Setiap kali saya masuk ke industri baru untuk review positioning klien, saya selalu mulai dari pertanyaan yang sama: “orang ini sebenarnya beli apa?”

Jawaban level satu selalu gampang. Orang beli suplemen karena mau gula darah stabil. Orang beli daging premium karena mau makan enak. Orang beli kelas online karena mau belajar skill baru. Tapi jawaban level satu ini nyaris tidak pernah cukup untuk bikin orang benar-benar bayar, apalagi bayar berulang.

Yang saya temukan, selalu ada lapisan kedua di bawah jawaban fungsional itu. Orang yang beli suplemen gula darah di usia 45 sampai 65 tahun sebenarnya bukan cuma mau sehat, mereka mau tenang karena tidak mau jadi beban buat anak-anaknya nanti. Orang yang beli daging premium buat masak di rumah bukan cuma soal rasa, mereka mau merasa “saya serius soal apa yang dimakan keluarga saya”. Orang yang beli kelas online di tengah banjir konten gratis bukan kekurangan informasi, mereka kekurangan kejelasan, dan yang mereka beli adalah kepercayaan bahwa “dengan orang ini saya gak perlu pusing lagi milah mana yang penting”.

Tiga industri yang beda total. Pola yang sama persis: fungsi cuma alasan yang bisa diucapkan. Rasa di baliknya yang bikin orang benar-benar keluarin uang.

Dan yang paling saya pelajari dari kerja review lintas industri ini: konteks Indonesia selalu ikut main. Rasa bersalah karena tidak produktif, rasa takut jadi beban keluarga, rasa ingin diakui sudah serius sebagai orang tua, itu semua nuance yang tidak akan kamu temukan kalau cuma niru copy dari brand luar negeri begitu saja.

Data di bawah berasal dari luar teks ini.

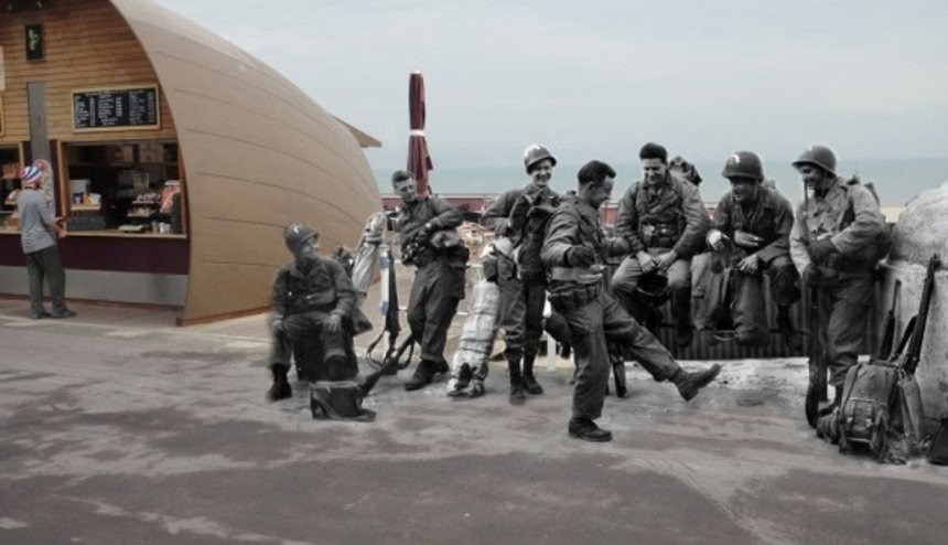 この手法は様々な写真家が手掛けており、前にもいくつか紹介しているが、今回は、warhistoryonline.comの創設者である、写真家のジャック・ベケット氏が作り上げた、第二次世界大戦中の兵士たちと現在の風景を組み合わせた写真を見ていくことにしよう。
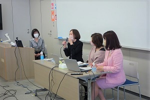 ハッピーキャリアのメンターや、授業でお世話になっている、オフィスKITO代表 伊藤久美氏、積水ハウス株式会社執行役員 河崎由美子氏、西日本電信電話株式会社ESG推進室長 横田さくら氏をお招きし、コーディネーターは大内章子先生が担当して、第1部ではパネルディスカッションが行われました。
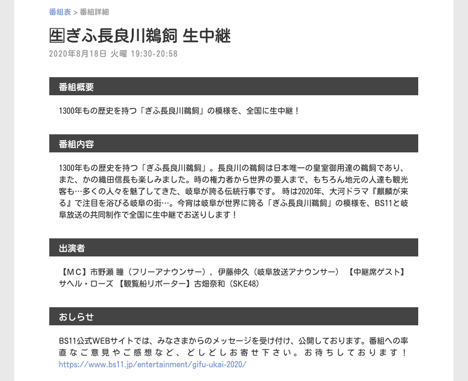 BS11/ぎふチャン 8月18日(火) 19時30分~20時58分

Kenapa Pola yang Sama Berlaku buat Side Hustle Kecil Kamu

Sekarang bayangkan ini dipindahkan ke skala side hustle yang jauh lebih kecil.

Ada seorang Daddy yang saya kenal lewat komunitas online mulai jualan jasa foto produk untuk UMKM. Fotonya bagus, harganya wajar, tapi 3 bulan pertama nyaris tidak ada yang order lagi setelah pesanan pertama. Setelah ngobrol, saya sadar dia jualan “foto produk berkualitas tinggi”, padahal yang sebenarnya dicari pemilik UMKM itu adalah rasa percaya diri untuk posting tanpa malu dibanding kompetitor yang lebih besar. Begitu dia ganti pesannya jadi “biar produk kamu keliatan sekelas brand besar, tanpa budget brand besar”, order repeat mulai naik.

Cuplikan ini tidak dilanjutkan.